Tips For Home Exercisers

If you want to try exercise at home, try some of these tips to make your workouts effective, and to help you stay motivated and free from injuries. 

  • Challenge yourself to avoid getting bored. If you do your workouts at home, you aren’t going to be able to get the variety of equipment and classes that would be available at the gym. To avoid getting bored of doing the same things all the time, you can get online or look through fitness magazines to get ideas for new workouts and make sure you’re doing your exercises correctly. Pictures and video can be very helpful for the home exerciser. Use them as a guide to check your form and technique to avoid getting injured. 
  • Find an exercise partner. It’s a lot harder to find excuses to skip your workout when you’ve promised to work out with someone else. Get your spouse or a friend involved to keep you both accountable. 
  • Schedule your workouts. It can help a lot to have a plan. Buy a planner, use the calendar, or use your phone, and write your exercise in as an appointment well in advance, the same way as you would any other appointment, like taking the kids to football, or going to the dentists. If something comes up, and you need to change a workout, rearrange it, don’t just abandon it. Having the time blocked out will help you actually do it, and shows your commitment. Putting your workouts on the calendar also shows the family that you are not available at this time, just as you wouldn’t be on hand to help find that lost you if you were booked in for anything else. 
  • Use a journal to track your progress. You should record any breakthroughs that you might have along the way. If you have a bad day, record that too. This will help you to find patterns that you can break or make use of. For example, if you felt lethargic during a few workouts, and can see that happened on days when you skipped breakfast, then you know not to do that anymore. Writing things down might show you that your workouts are better after you’ve eaten eggs for breakfast, rather than a bagel, for example. Tracking your progress can also help you to feel more motivated. For example, if you can see that you’re able to do more push-ups than you could a month ago, that’s progress to feel proud of and to motivate you to improve even more. 
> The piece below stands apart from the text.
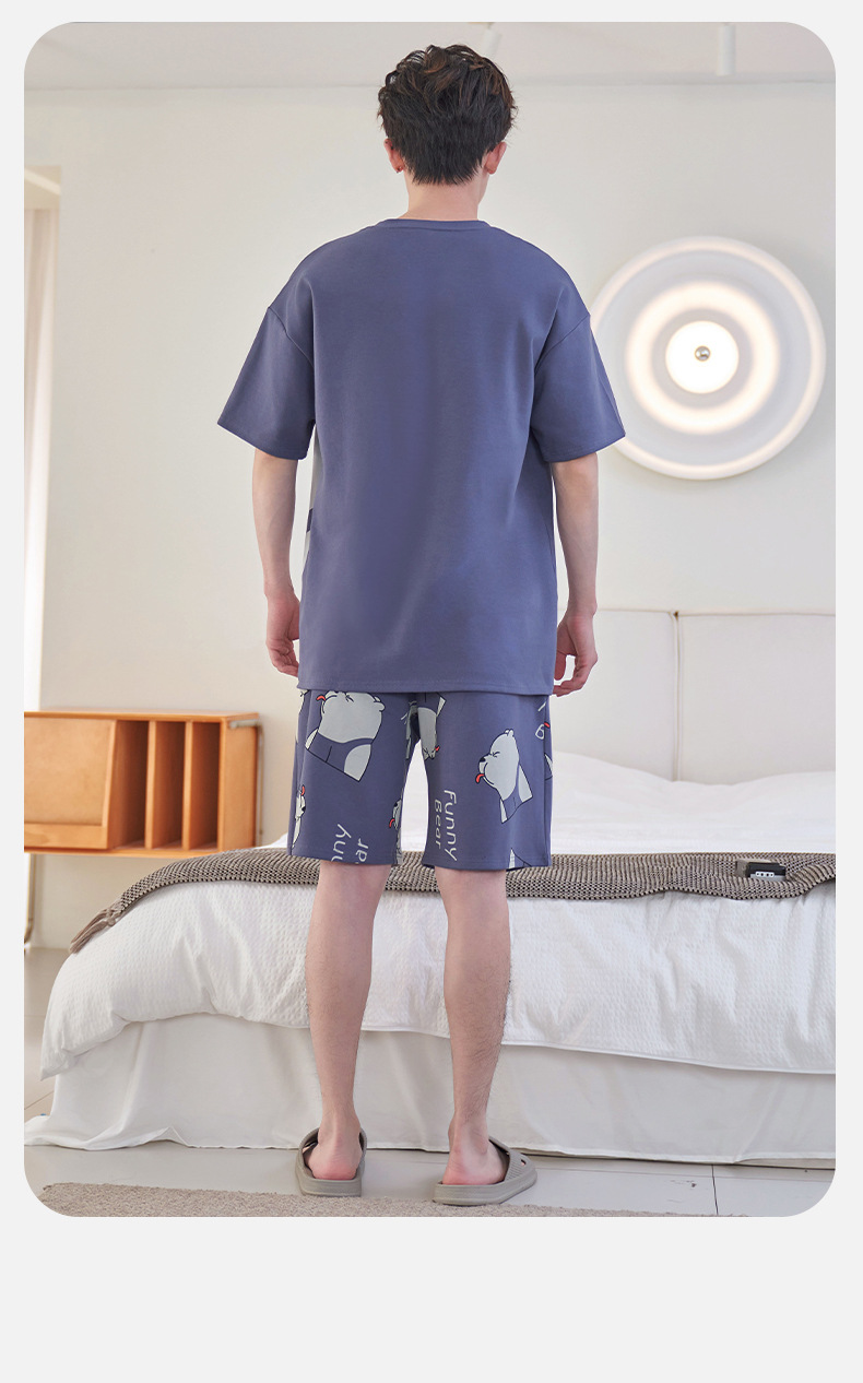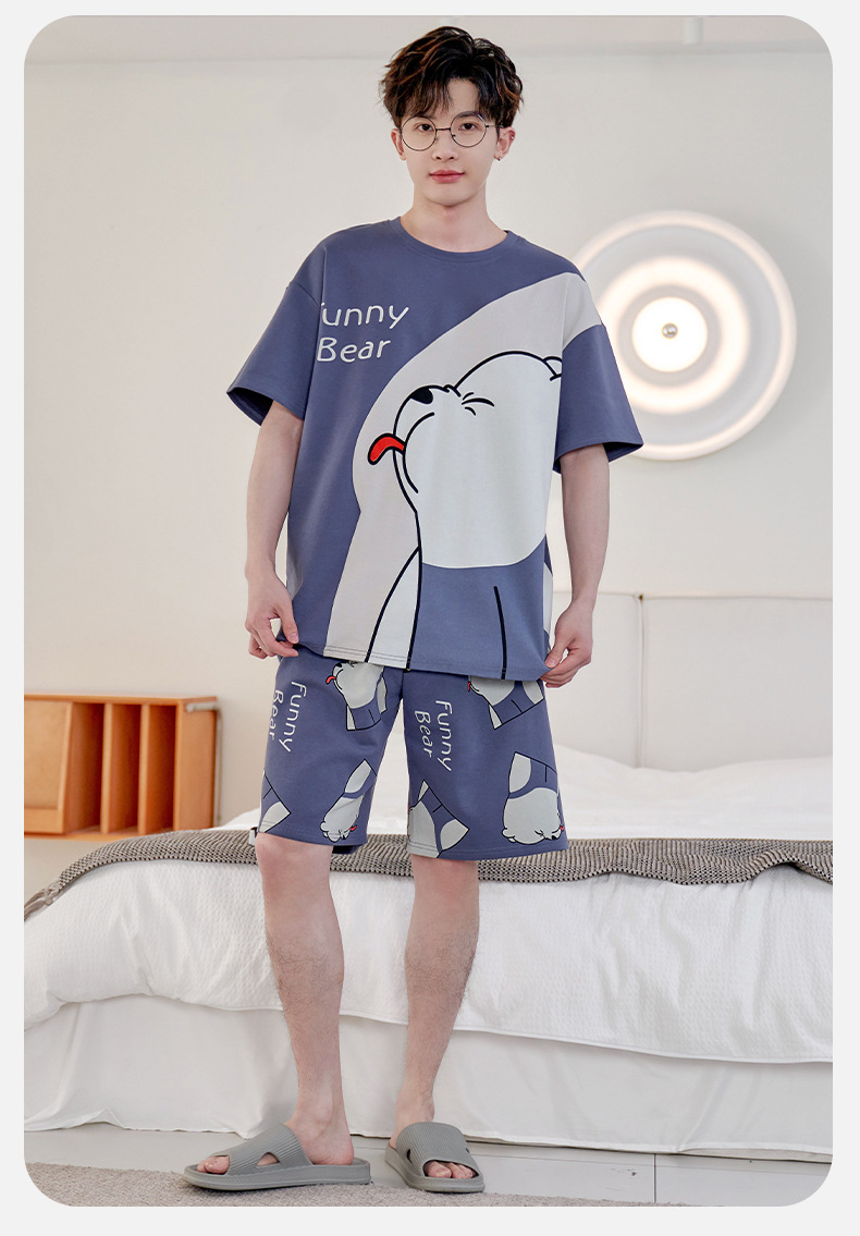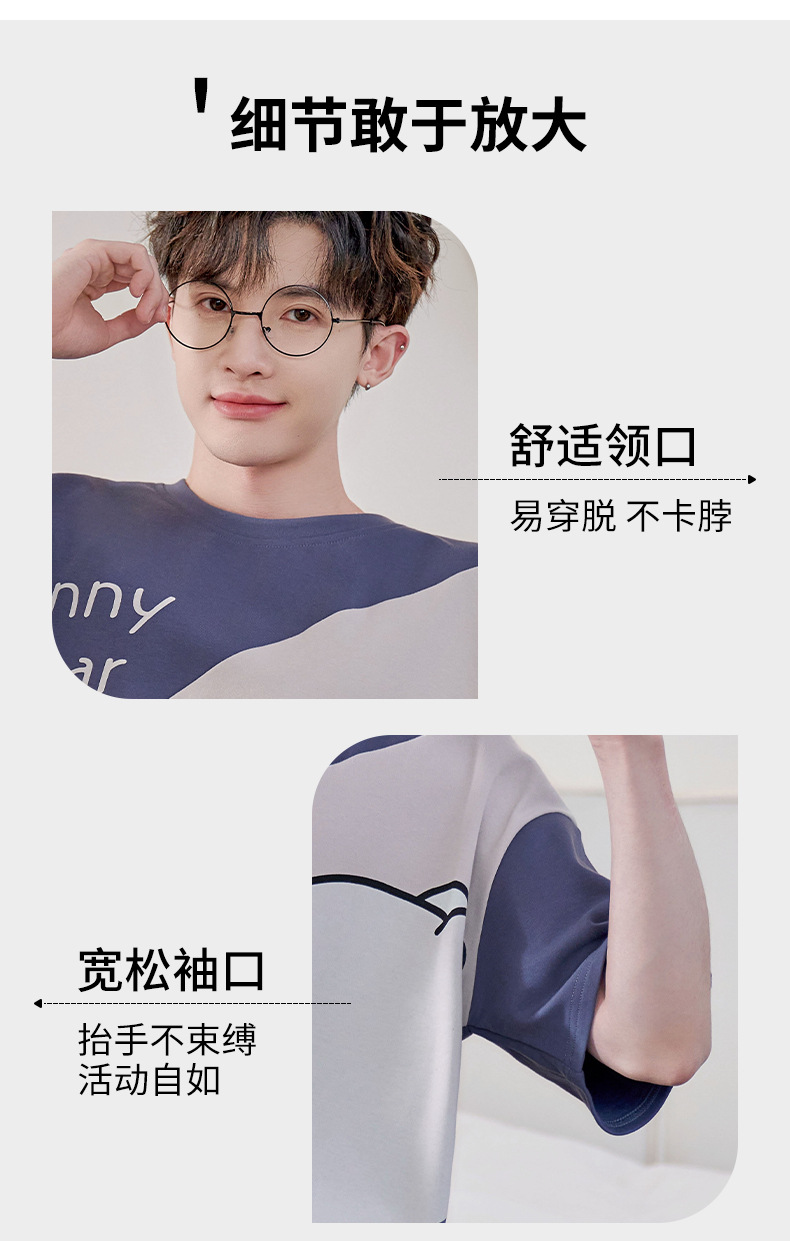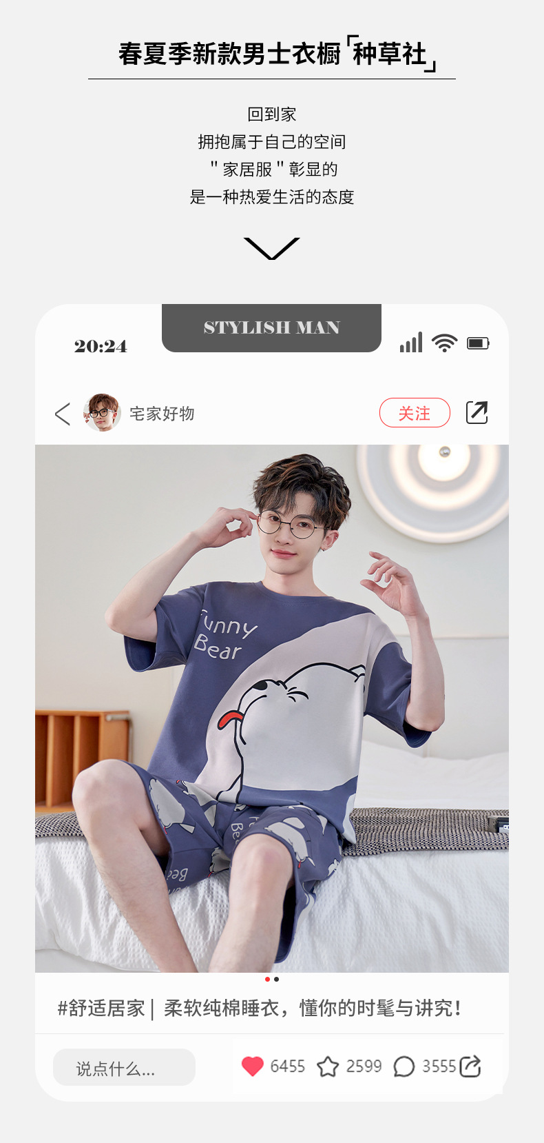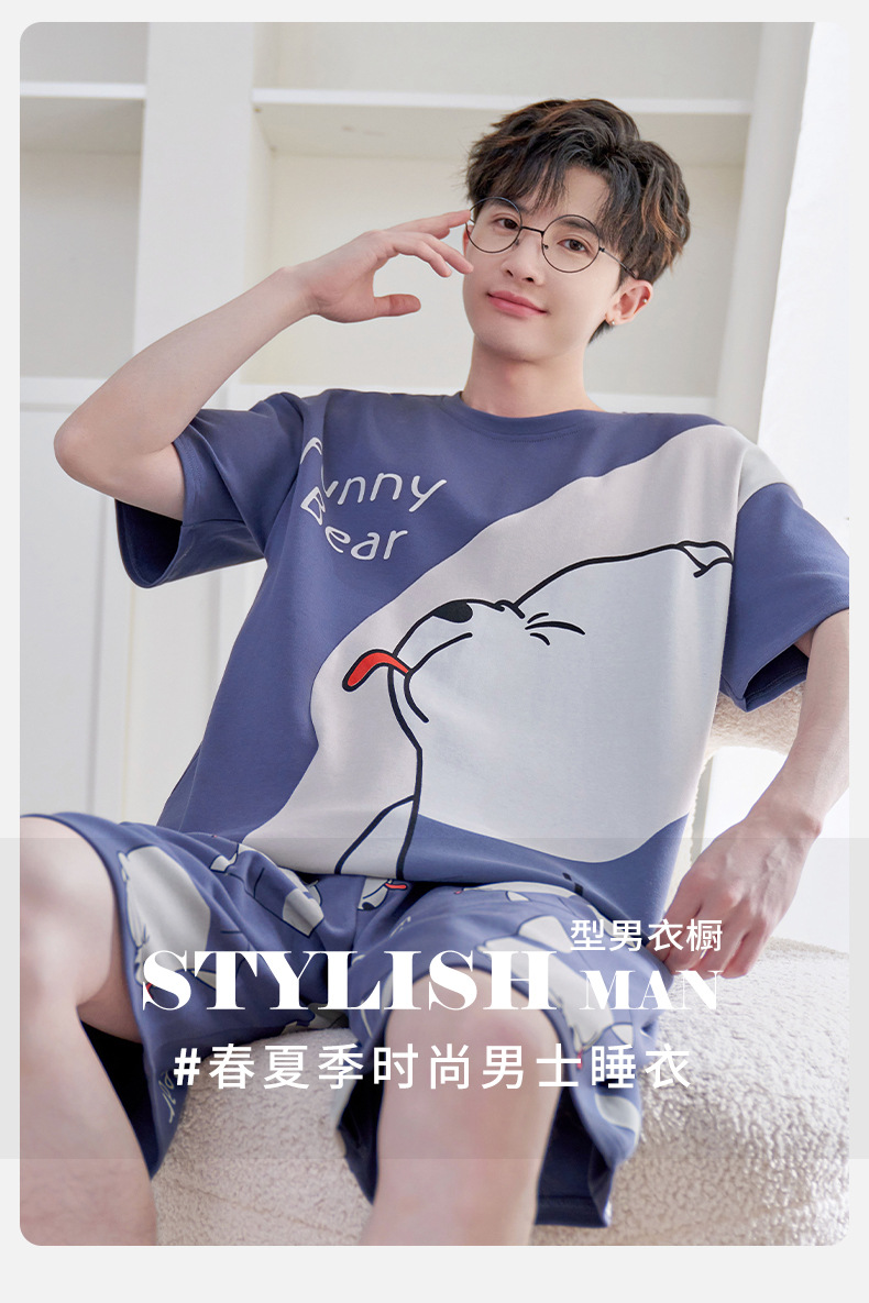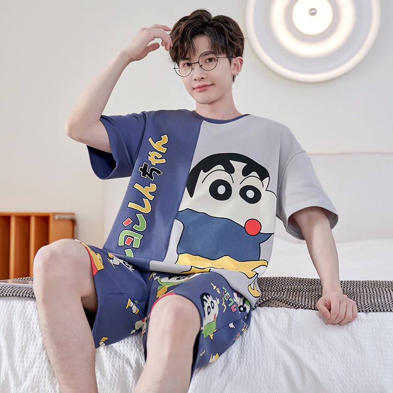 잠옷 남자 여름 면화 반팔 만화 여름 남자 플러스 사이즈 여름 얇은 중학생 나이 많은 아이들스토어 가기

  • Set goals. Make these tangible and realistic, such as training for a race or losing ten pounds. The best goals to set are something that you aren’t able to do right now, but that you think is within your reach. If your goal is too easy to too hard, you won’t feel motivated by it. You can break a larger goal up into smaller pieces, and give yourself mini-rewards along the way. For example, if your goal is to be able to a certain number of pull-ups, every time you achieve a few more, give yourself a small reward, like a magazine, new workout clothes, or a new piece of equipment. 
  • One of the most important tips to help you commit to your workout routine at home is to make exercise an integral part of your life and daily routine, as much as eating and sleeping. You should think of this as a lifestyle change, not a temporary change. Get out of the mindset that exercise is something that will only be doing for a little while just to reach a goal. Make your workouts part of your routine, and make being more physically active part of life, such as taking a walk after work with your spouse, cycling with the family at weekends, or walking the dog every morning.